Recruitment drive more than doubles Innes National Park ranger crew
Innes National Park has welcomed three new rangers to its team as part of an election commitment to put more people on the ground in South Australian parks.
The Yorke Peninsula-based rangers are part of a group of 33 appointed to help manage the state’s parks, support visitor experiences and care for wildlife.
The extra rangers follow significant investment in the 2019-20 State Budget for national park infrastructure, with $11.8 million invested to breathe new life into national parks.
Innes National Park Senior Ranger Mark Davison said the expanded team of five rangers was a welcome boost for the management of the iconic park and surrounding parks of Yorke Peninsula.

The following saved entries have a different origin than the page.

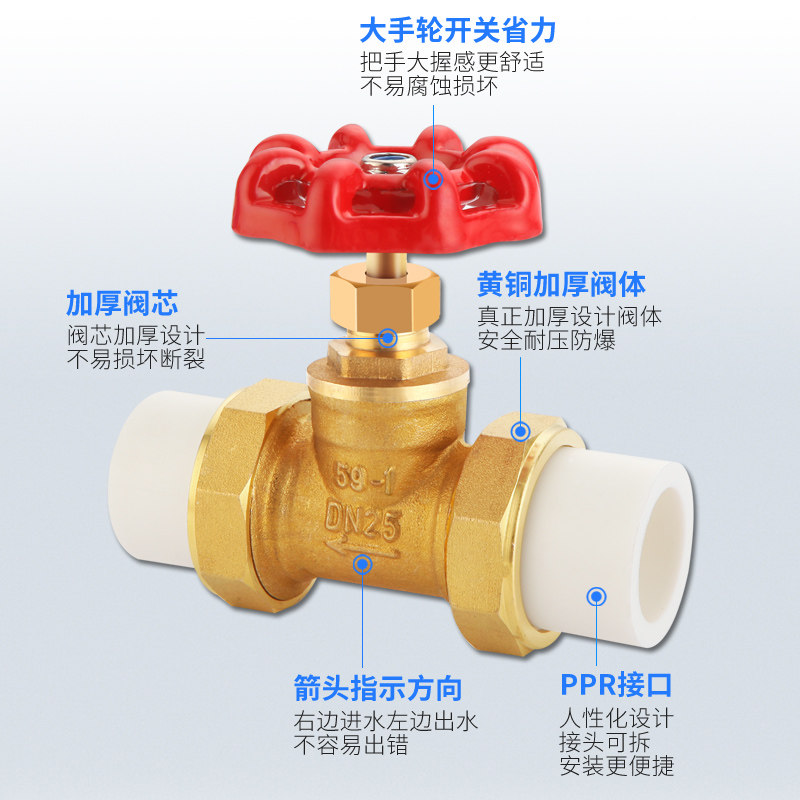 Brass thickened PPR20 25 50 stop valve valve water switch steam tap water pipe copper valve 4 points 6 points 1 inch-Taobao
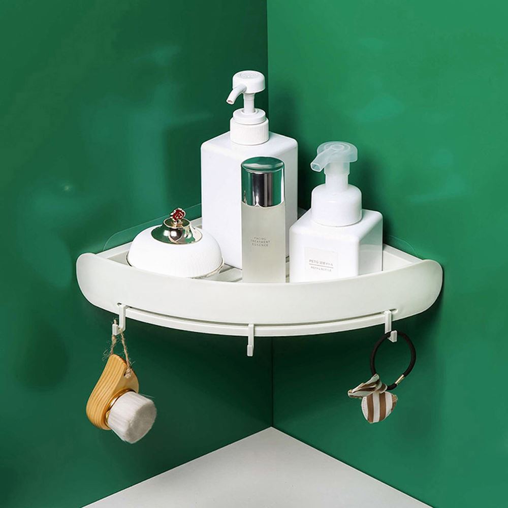 Nalepovací rohová polička plní funkci šikovného odkládacího prostoru na koupelnové a kuchyňské doplňky. Polička má posuvné háčky, na které lze zavěsit utěrky, žiletky či žínky. Jednoduše se nalepí do rohu sprchového koutu, koupelny či kuchyně.
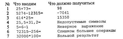 На месте а и b стоят десятичные цифры; значком Å обозначен один из знаков операций: +, -, *. Нужно, чтобы машина вычислила это выражение и после знака = вывела результат. Операция деления не рассматривается для того, чтобы иметь дело только с целыми числами.
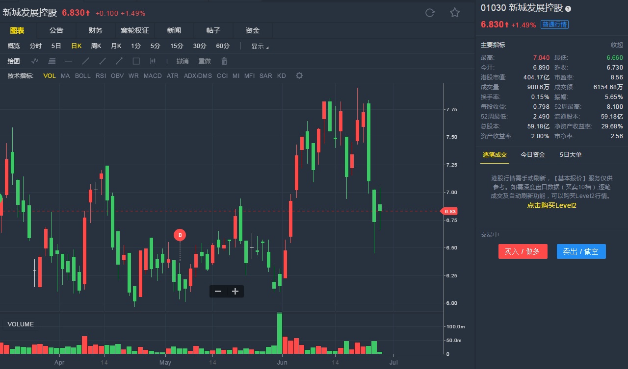 截至6月27日10:37,新城发展控股涨1.49%,报6.83港元。
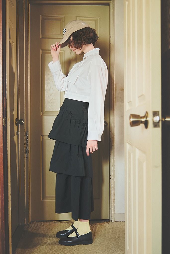 3段構造にしたティアードデザインでドレスライクなルックスに。タフタ素材でさらに立体感が増したスカートには、ショート丈の白シャツで上はとことんそぎ落とすほうがシンプルに整う。
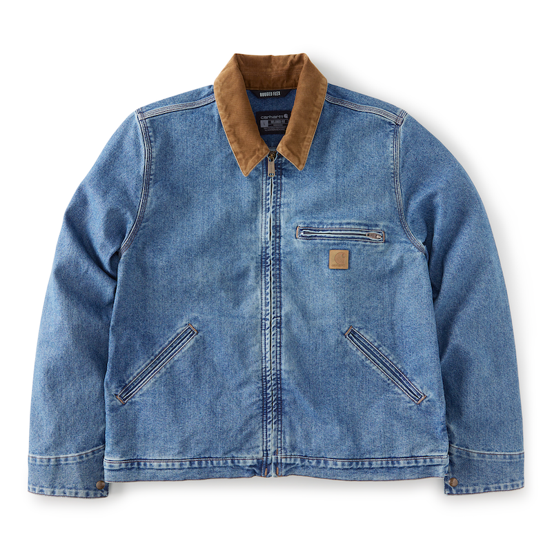 A workday staple with legendary Carhartt durability. This men's jacket is made in cotton-blend denim that's triple-stitched to stay tough. It has a relaxed fit and built-in flex so you can move freely.12.5oz, 70% cotton / 29% polyester / 1% elastane denim
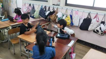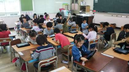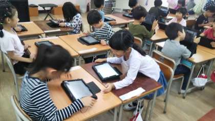 1年3組は、タブレットを使った学習に取り組んでいました。
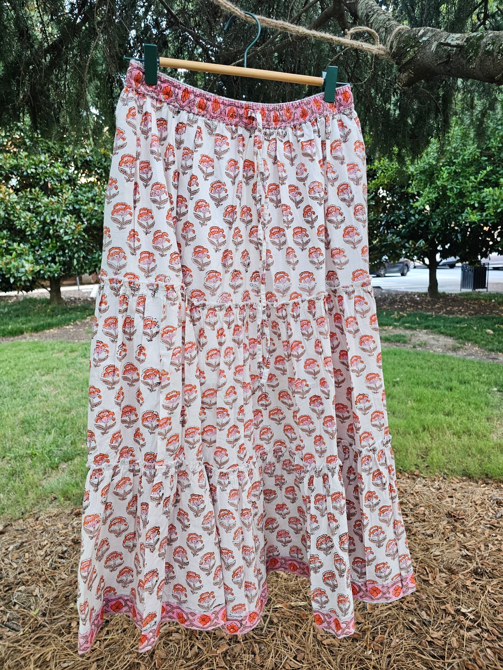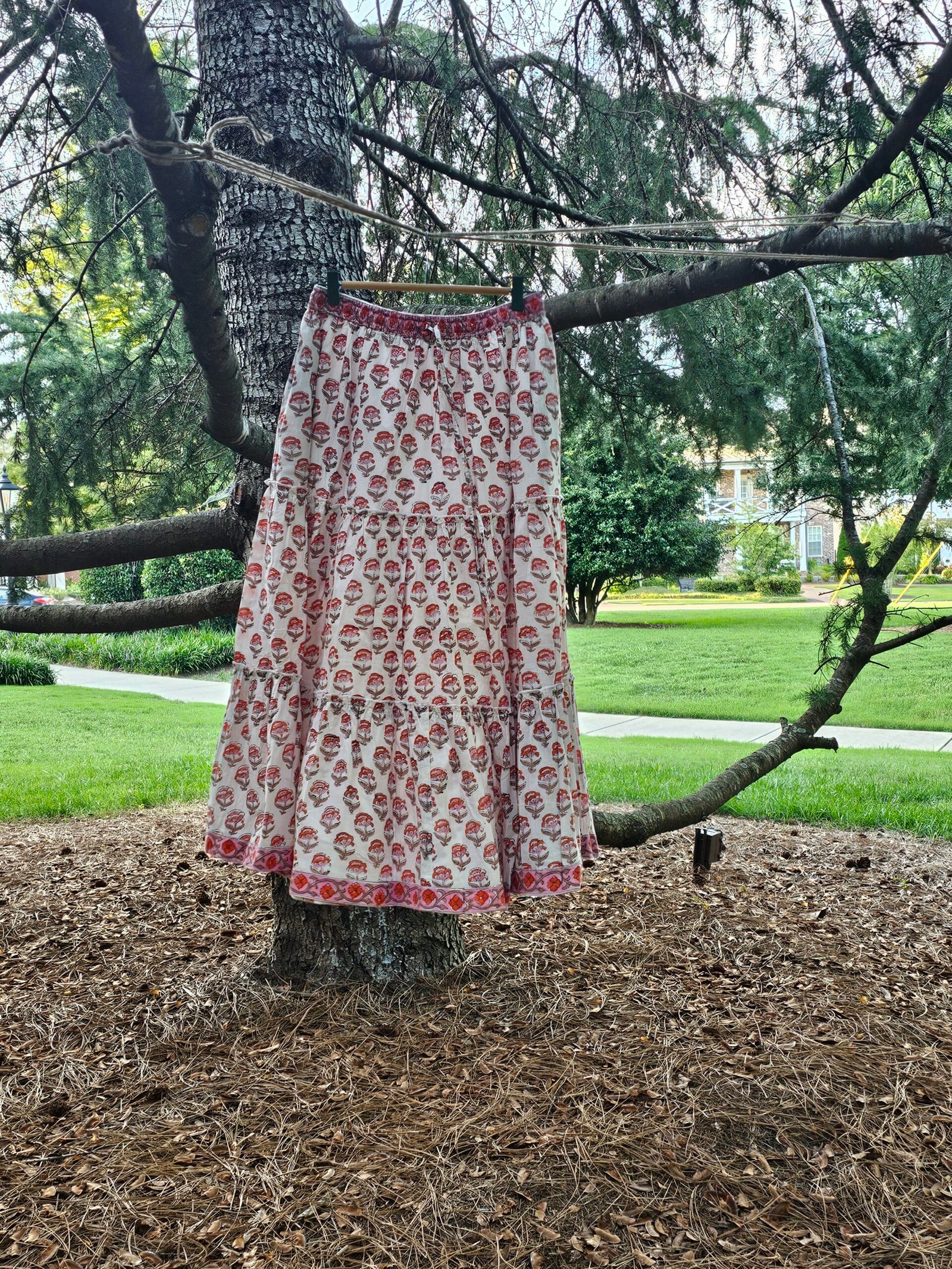 Hand Block Printed Tiered Skirt~ Pink Motifs
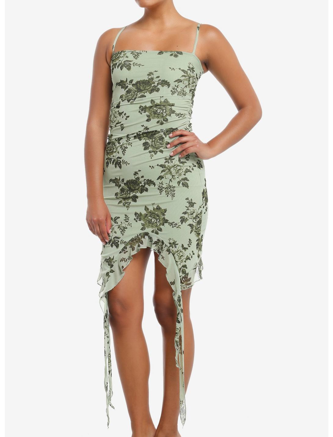 Look one with the forest with this dreamy dress on! It has cami straps and features an allover design of roses and branches. Comes with ruching on the sides and tendrils at the skirt.95% polyester; 5% spandexWash cold; dry lowLength: 53"Stretchy materialAdjustable strapsImportedListed in junior sizesModel is 5'9"Model wears size Small
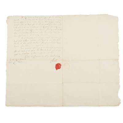 single bifolium written on two sides (in a secretarial hand), with Mar's autograph signature ('Mar') and red wax seal at foot, docketed 'To the Right Honorable the Lord Haddo, 7th Septem[be]r 1715', old folds
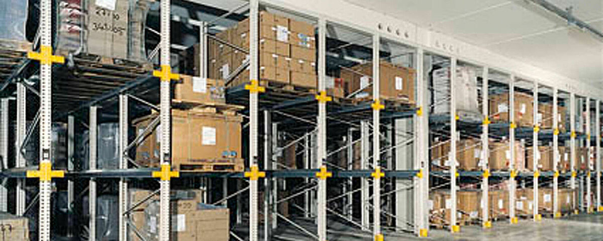 Le rayonnage à accumulation (appelé également « rayonnage drive-in ») allie les avantages du stockage en blocs et en racks : exploitation compacte de l’espace disponible pour une hauteur de stockage identique. Il est particulièrement adapté pour le stockage de grandes quantités d’un même article et des produits non gerbables sensibles à la pression. Parmi ces produits, on trouve les lessives, les catalogues, l’huile moteur, le papier de toilette ou les conserves de longue date limite.
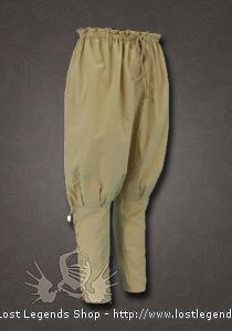 Mittelalterliche Hose mit Schnürung am Bund. Besonders variabel in der Weite und sehr angenehm zu tragen. Die eng geschnittenen Waden sorgen für den Pluder-Look an den Oberschenkeln und die Hose kann dadurch auch perfekt in Stiefeln getragen werden. Bitte bei Bestellung Maßdaten angeben.
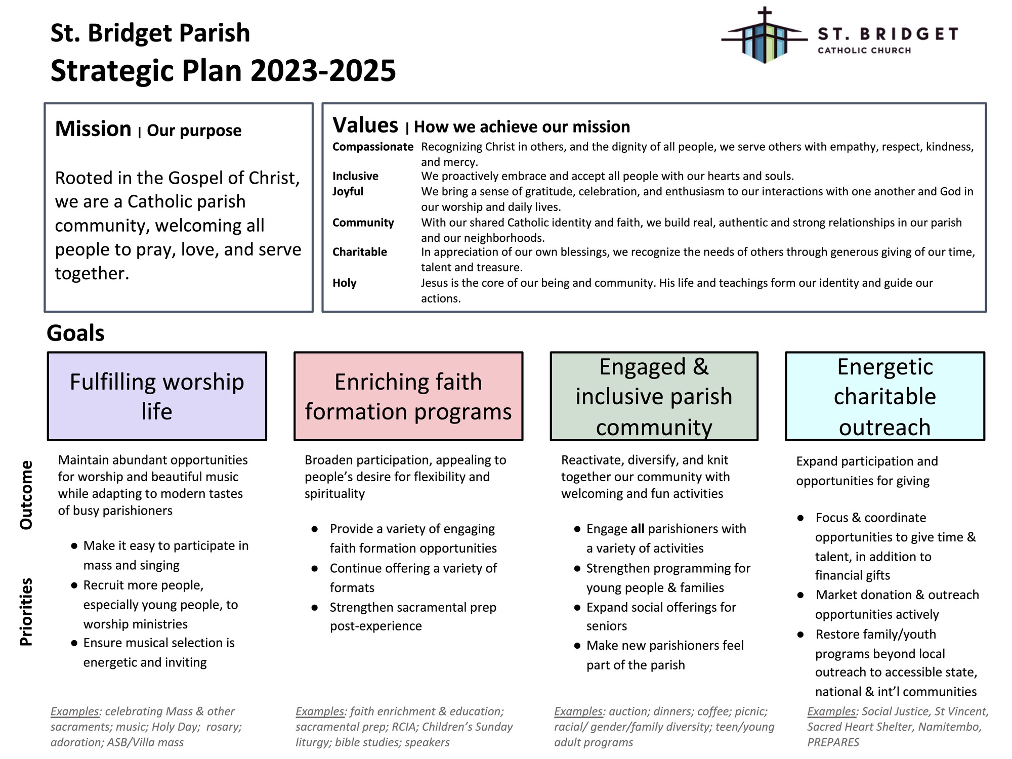 A parishioner-led strategic planning team worked collaboratively with the parish leadership teams, parish staff, and parishioners of St. Bridget to identify our parish community's core values and needs. The team gathered information, conducted workshops, and developed a strategic plan to move our parish forward in the next 5 years.
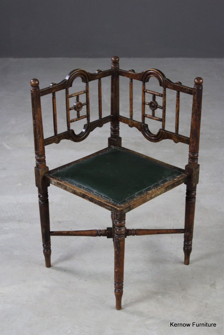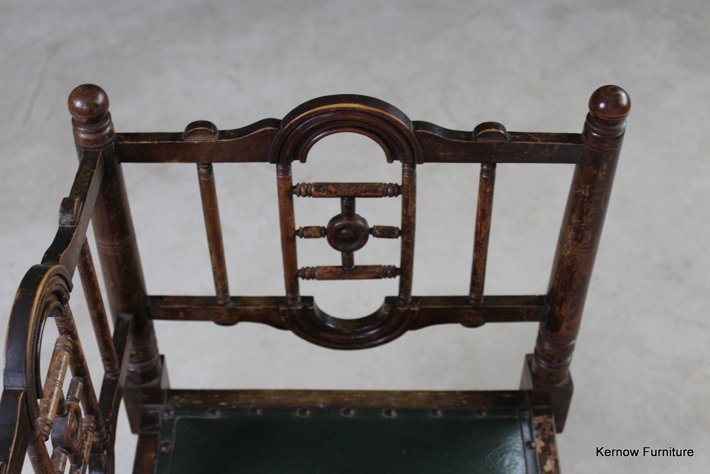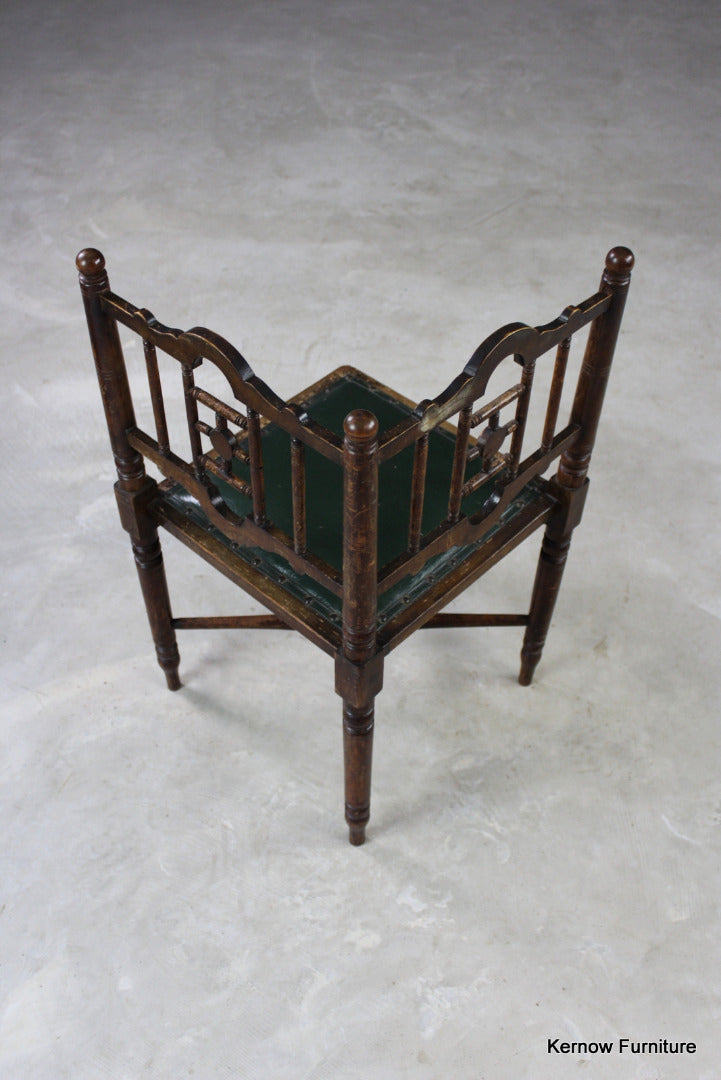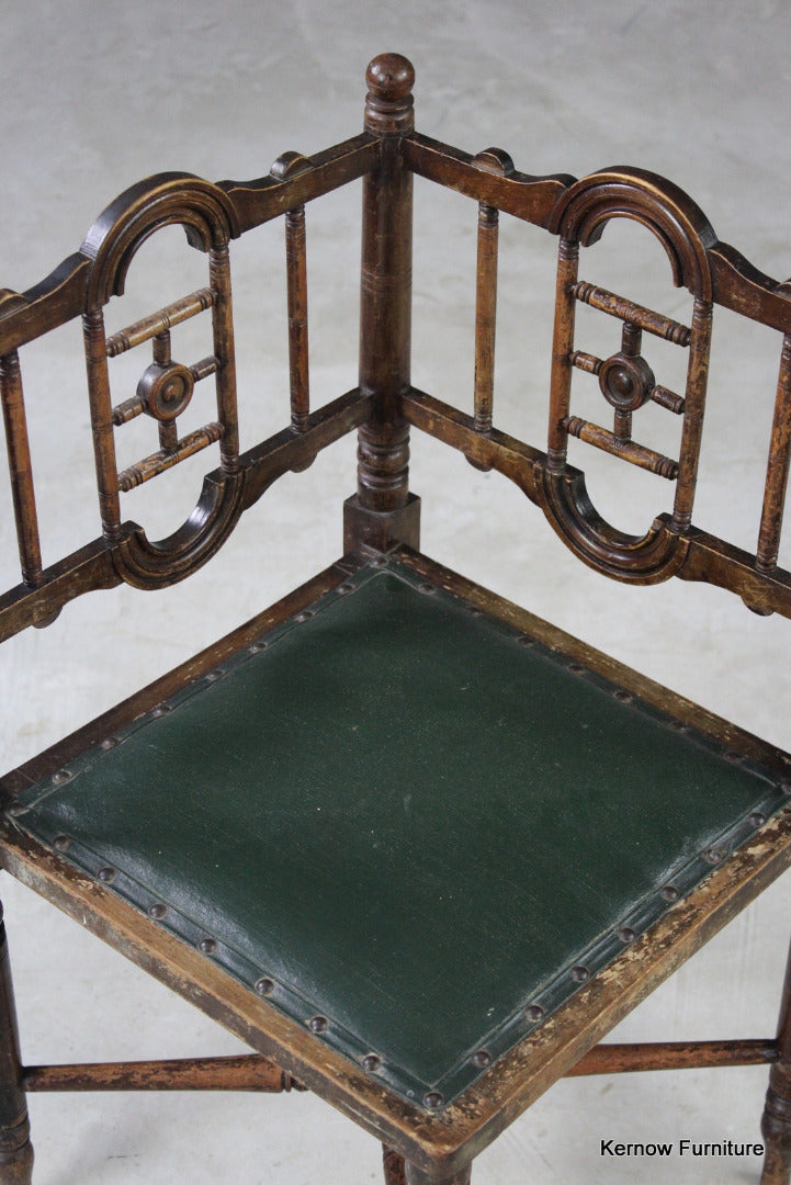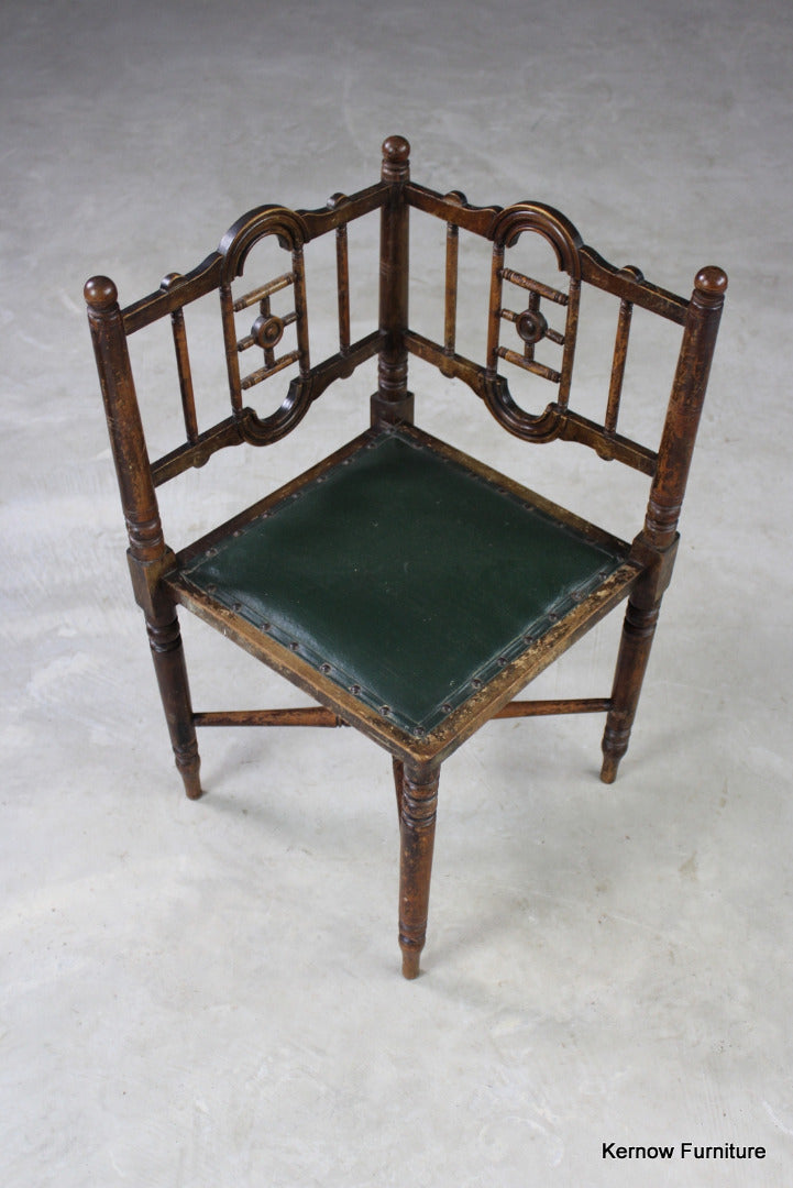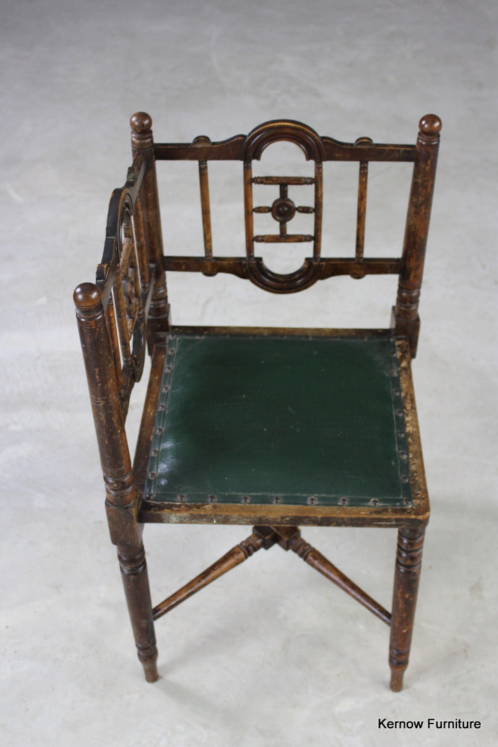 Victorian aesthetic movement corner chair. Stained frame with turned cross stetcher and green rexine padded seat.
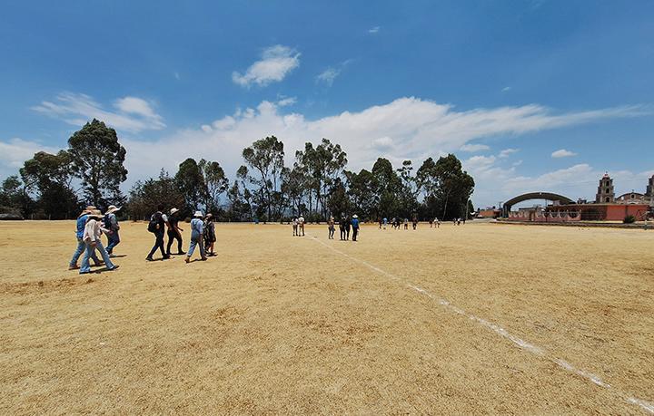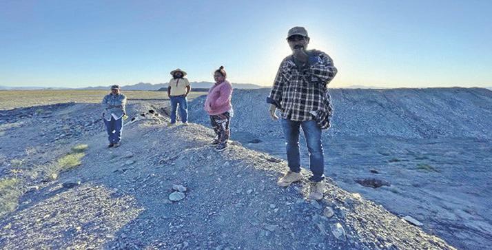 Ejidatarios de El Bajío sobre restos de roca triturada por Minera Penmont de Frensillo PLC

“This increase to the team means we can now increase our weekend Ranger presence across our parks, which is important for the safety and education of visitors. We also look forward to continuing to work in future with our Volunteer Rangers who will provide great support, especially during peak periods,” said Mr Davison.
“The new rangers, who come with a wealth of experience and expertise, will also support our work monitoring the condition and health of the park’s biodiversity. They’re already assisting with vertebrate pest control, weed management and biodiversity surveys.”
The new rangers include Dion Bromley, Chloe McSkimming and Rick Muller, who joined the Innes National Park crew between September and April.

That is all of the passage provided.